Getting closer… Firstly I get an interactive map that does seem to have a download, secondly a link to arcgis.com – sadly this is just a shapefile of LA, with Beverly Hills cut out. At this point I could create a polygon from this donut polygon, but really I just want Beverly Hills area.
Next up the TIGER/Line dataset; this one contains 490,385 rows of data.
Beverly Hills must be in there somewhere, right? This shapefile is also a line shapefile and the boundaries seem segmented when I look at the data.

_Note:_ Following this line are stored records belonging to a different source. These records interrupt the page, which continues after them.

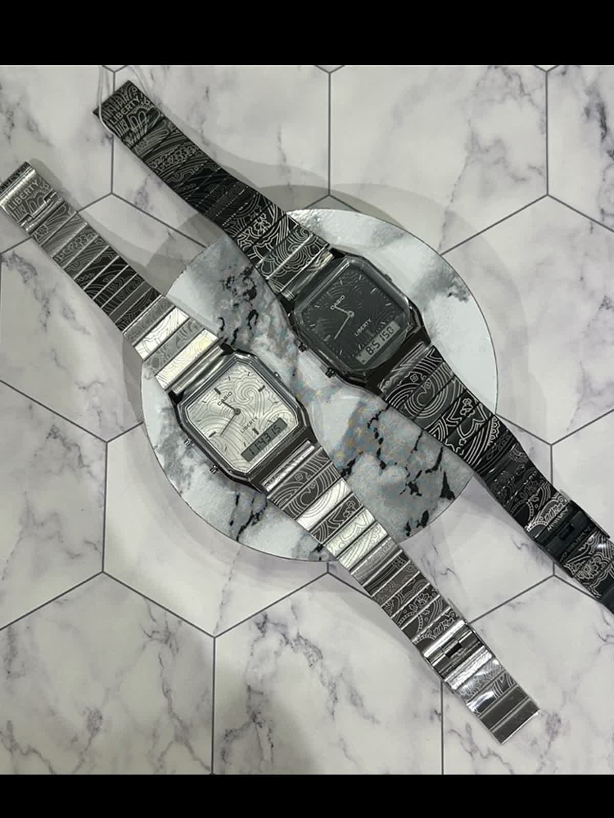 ベースモデルには角型フェイスにアナログ時計とデジタル表示を組み合わせた人気のAQ-230を採用。リバティの代表的なペイズリーファンファーレにインスパイアされ、曲線が美しいクラシックなペイズリー柄をバンドと文字板にデザインしました。 レーザー刻印によって緻密に表現された柄が、繊細な美しさを添えています。
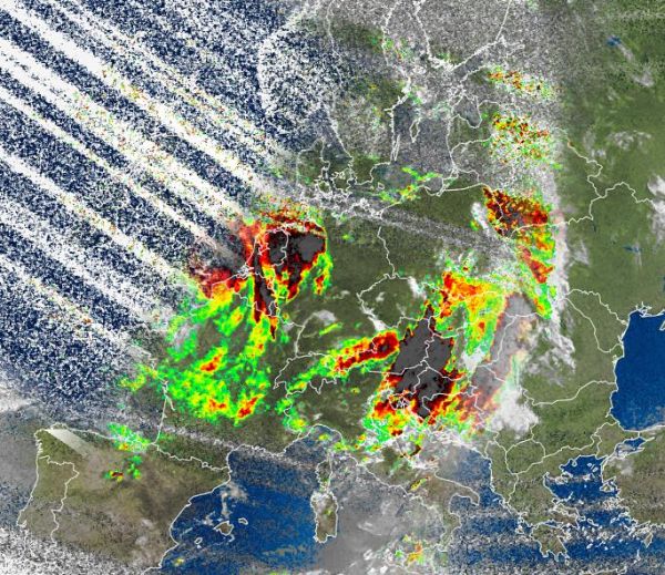 Auf dem Satellitenfoto von heute Morgen sind die sehr kompakten Regenwolken über Benelux und über dem Nordwesten Deutschlands zu erkennen. Hier blieb es auch den Vormittags über und größtenteils auch noch den Nachmittag verbreitet regnerisch und bei Werten zwischen 14 und 18 Grad C ziemlich frisch.
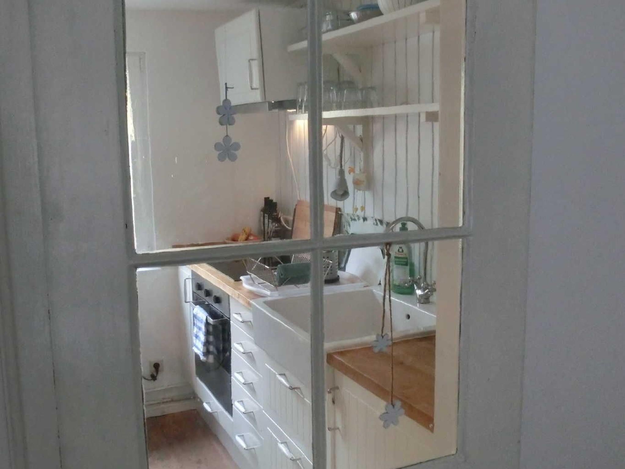 Komplett eingerichtete Küche mit großem ausklappbaren Esstisch, Spüle, Kühl,- und Gefrierkombination, Wasserkocher, Toaster, Kaffeemaschine, 4 Induktionskochfelder, Porzellan, Gläser, Besteck, Töpfe, Bügeleisen, Geschirr- und Küchentücher.
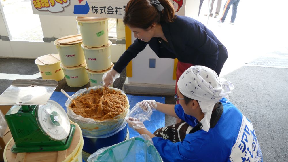 内山が味噌すくいどりに挑戦!大きなしゃもじでたっぷりとすくいどり!
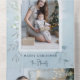 Elégant design de vacances moderne avec votre photo de gardien dans un modèle découpé en arc avec bordure blanche opaque, abstraite aquarelle style bleu clair et blanc verdure d'hiver et étincelles de neige blanche sur l'effet d'aquarelle bleu pastel arrière - plan. Inclut les champs de texte modifiables et les modèles photo sur l'avant et les panneaux.
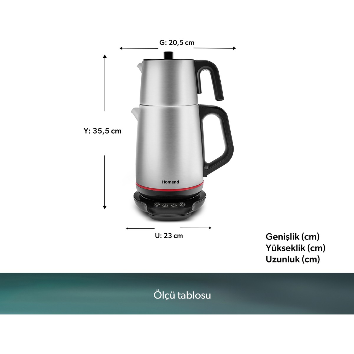 Homend 1708 Royaltea Paslanmaz Çelik Konuşan Çay Makinesi Inox-Siyah 1800 W
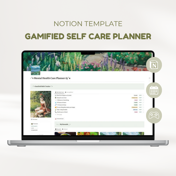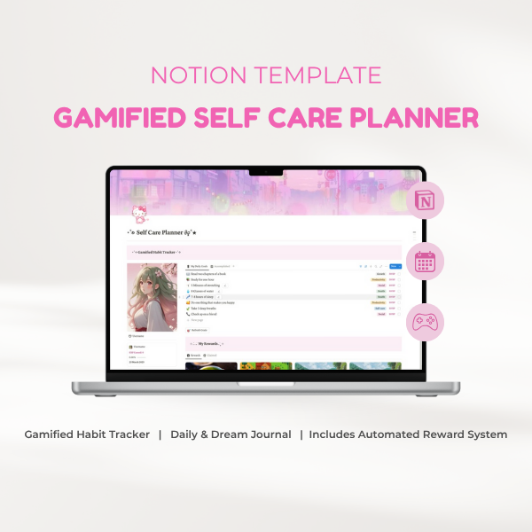 Gamified Habit Tracker Self Care Notion Planner
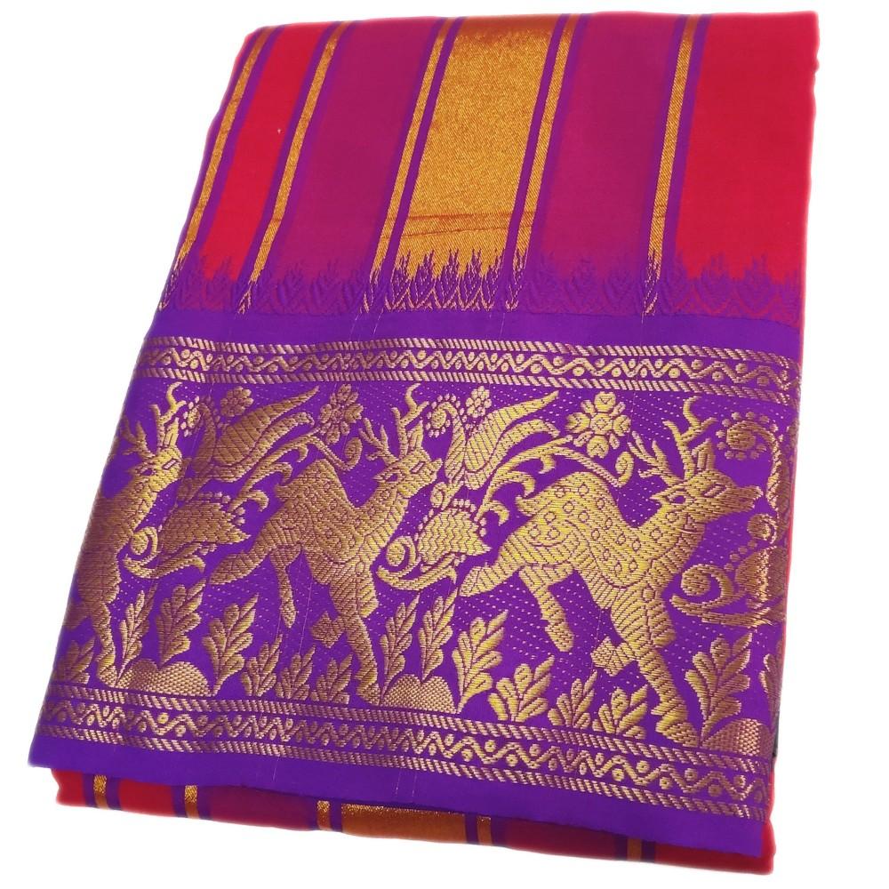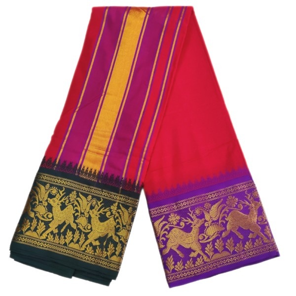 Description Of Red Color Deer Designed Jacquard Dhoti
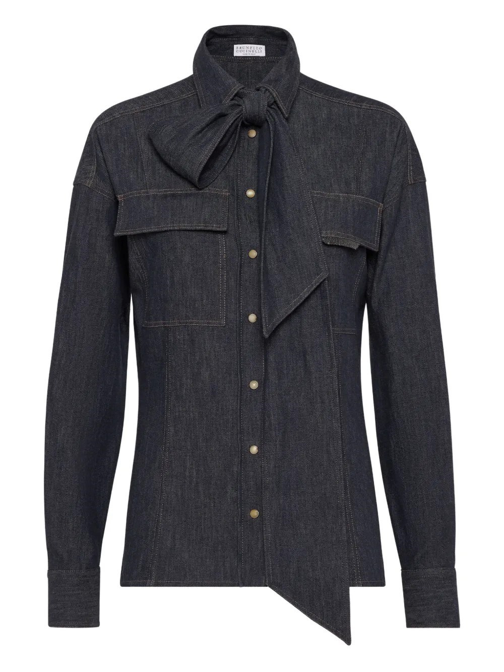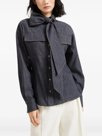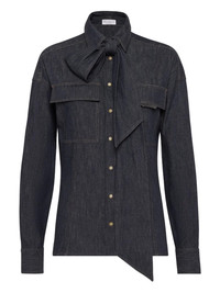 Lightweight no-fade denim pussybow shirt with shiny flap detail
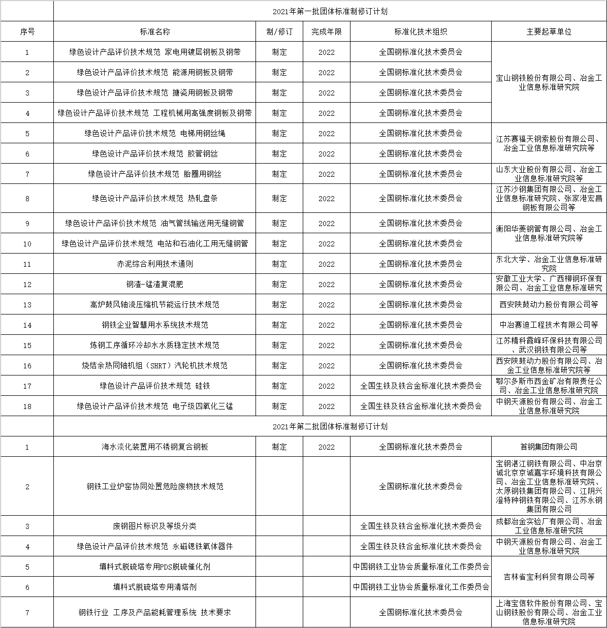 2021年以來,中國鋼鐵工業(yè)協(xié)會已經(jīng)相繼下達(dá)了兩批團體標(biāo)準(zhǔn)制修訂計劃,包括:

Finally, the planning website planning.lacounty.gov/gis gets me (via the online portal) to the boundary.
The fourth result on my second Google search got me to the boundary. In 2017 my expectations are that this should be much simpler and while local/county/state portals can provide excellent information I often want to be able to search on a worldwide basis.
Why is it that when I search on Google Maps I get a boundary first time! If only I could use this data!
Well, with OpenStreetMap I can!
search for a name or address(forward search) or look up data by its geographic coordinate(reverse search). Each result comes with a link to a details page where you can inspect what data about the object is saved in the database and investigate how the address of the object has been computed.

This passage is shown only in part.